Teaching Children to Have Healthy Arguments

Teaching Children to Have Healthy Arguments by Susan Ingram

{2:48 minutes to read}

These increasingly tense political times have ushered in a period of animosity and lack of discourse that is distressing to many people, including those of us who work in the field of conflict resolution. During this past year, I’ve been thinking quite a bit about how we can maintain our humanity and civility while we are constantly being battered (from our President on down) with displays of abusive and self-serving conduct.

Over the years, I’ve written many blogs discussing how all of us can have better conversations that help us arrive at consensus and mutual satisfaction with our decisions. That’s the scenario in which we reject rigid positioning and black and white thinking. When we take an interest in the other person and really listen to what is said, we can change the game so that there’s no longer a winner and a loser, but two participants who have each succeeded in getting their needs met.

Recently, my interest was piqued by an article written by Adam Grant, an American psychologist, professor and author. The article is entitled “Kids, Would You Please Start Fighting?” Who wouldn’t be intrigued with a title like that! In it, Grant emphasizes the importance of children learning, ideally within their families as they are growing up, how to have healthy arguments. Among the benefits of this approach — it encourages creativity and innovative thinking.

And there may be other benefits as well. Grant cites a study conducted by psychologist Robert Albert of children ages 5 to 7. He found that the children whose parents argue constructively felt more emotionally safe, and when they were followed over the next 3 years they showed greater empathy and concern for others.

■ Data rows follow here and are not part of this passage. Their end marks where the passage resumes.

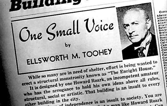 エルスワース・M・トゥーイーは、その論壇から、芸術や文学、ニューヨークのレストランや国際的危機や社会学などについて判決を宣告するのである。そのコラムは非常な人気を博した。しかし、建設現場作業員組合のストライキについては、トゥーイーは、ストライキを行使する人々への同情を隠さなかったが、自分のコラムでは、その件について何も語らなかった。ストライキを非難しているゲイル・ワイナンド系新聞紙上のコラムにおいては。
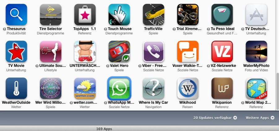 Kontakte, Einstellungen, etc. funzt auch einwandfrei, aber mit den Apps habe ich ein Problem. Ich hatte mal vor ein paar Wochen die Apps von meinem MacBook runtergelöscht weil ich Speicherplatz gebraucht habe. Jetzt kann er die Apps natürlich nicht mehr auf das neue iPhone sycen weil die ja nicht mehr auf meiner HDD sind.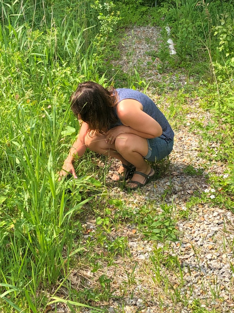 Rich took these two photos of me. The first is me looking at a bug when we were walking up at the dam. I was also checking on the wild roses and strawberries.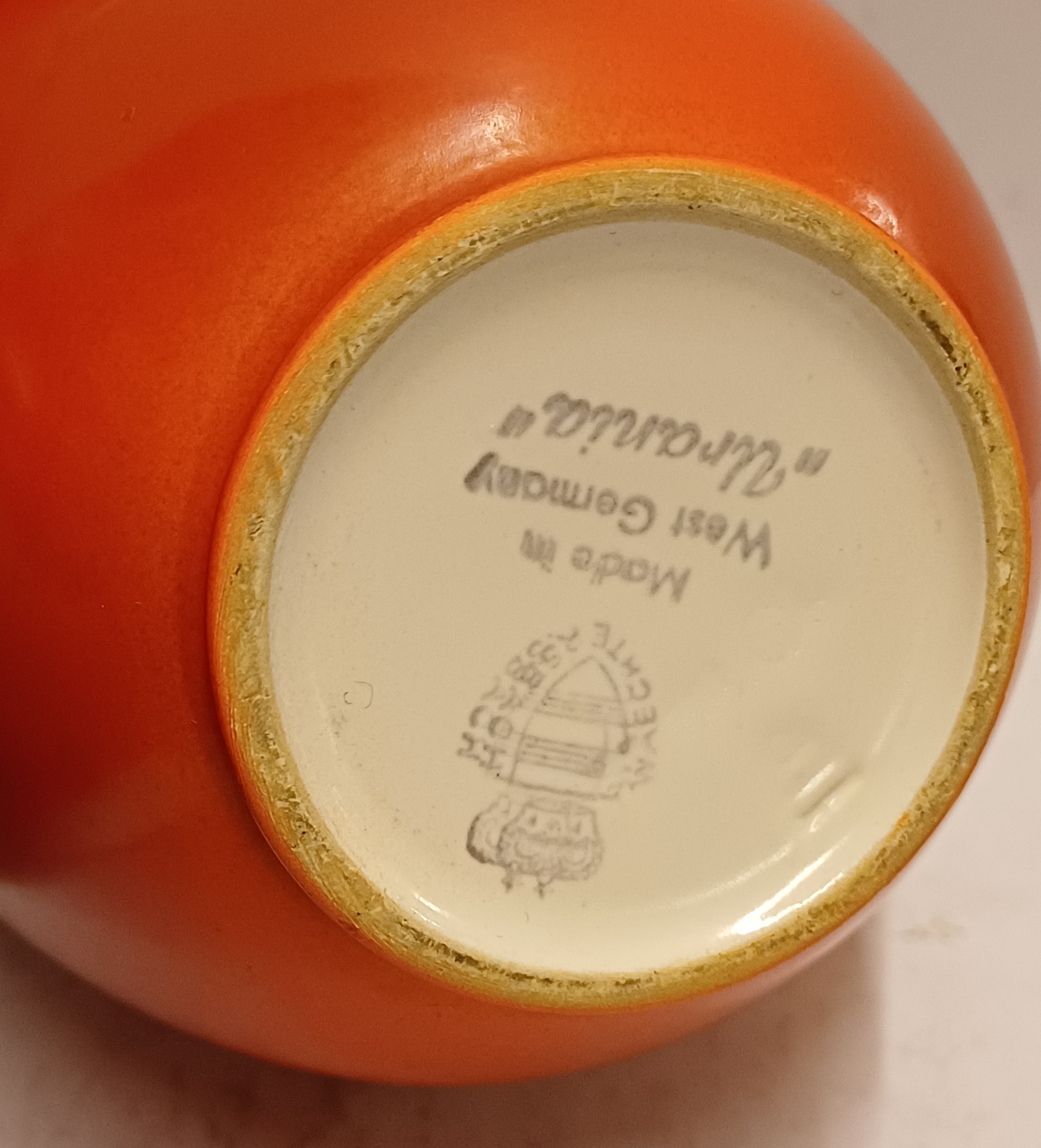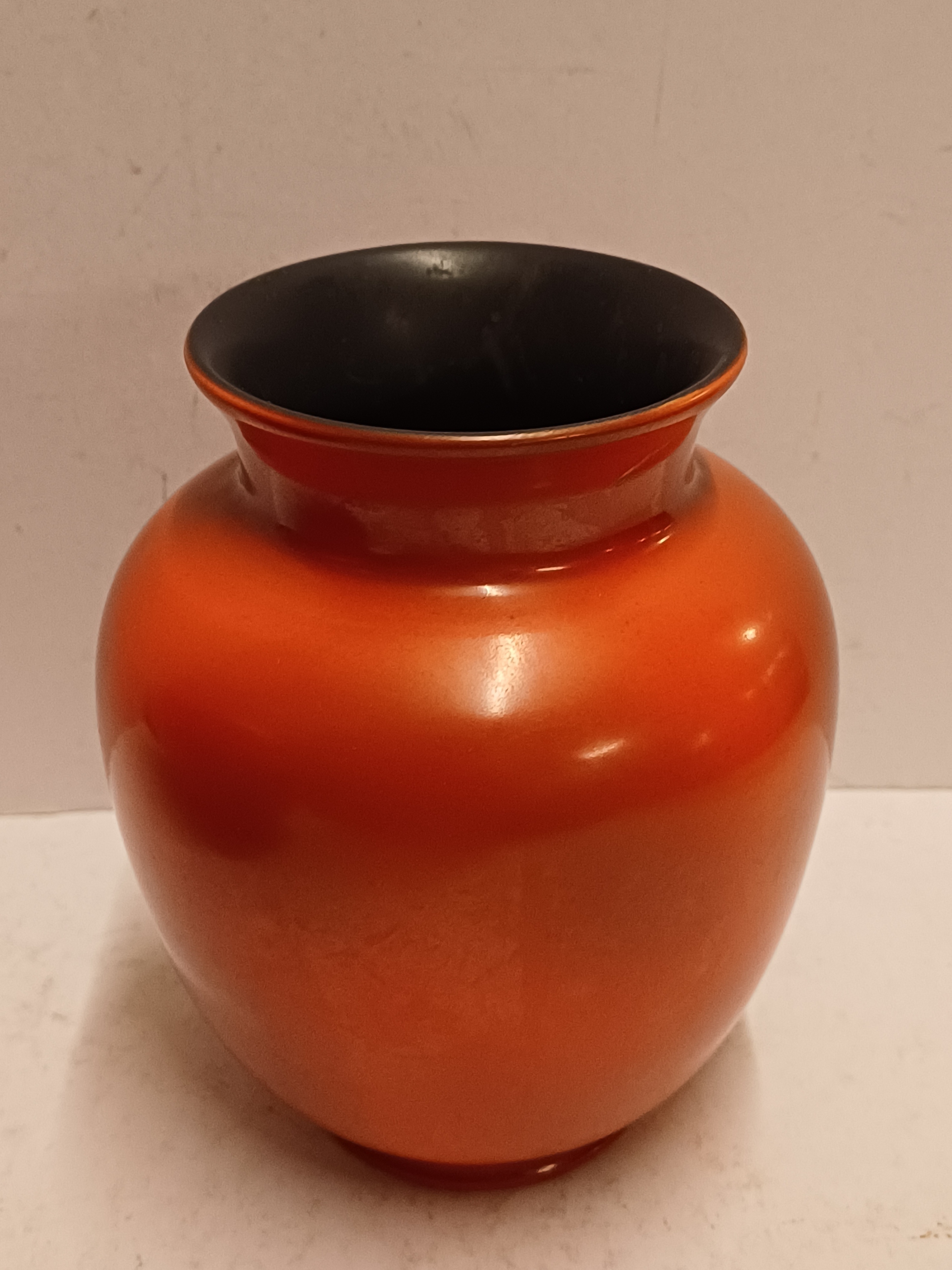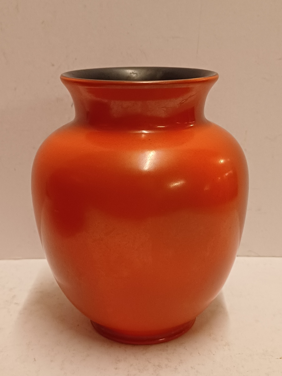 Vaas met rode spuitglazuur en zwarte binnenzijde. Decornaam Urania, onderzijde met fabrieksmerkGoed

At the end of his article, the author suggests 4 rules for teaching kids how to have healthy disagreements:

  1. Frame it as a debate, rather than a conflict.
  2. Argue as if you’re right, but listen as if you’re wrong.
  3. Make the most respectful interpretation of the other person’s perspective.
  4. Acknowledge where you agree with your critics and what you’ve learned from them.

These sound like some pretty good suggestions to follow, even for full-grown adults!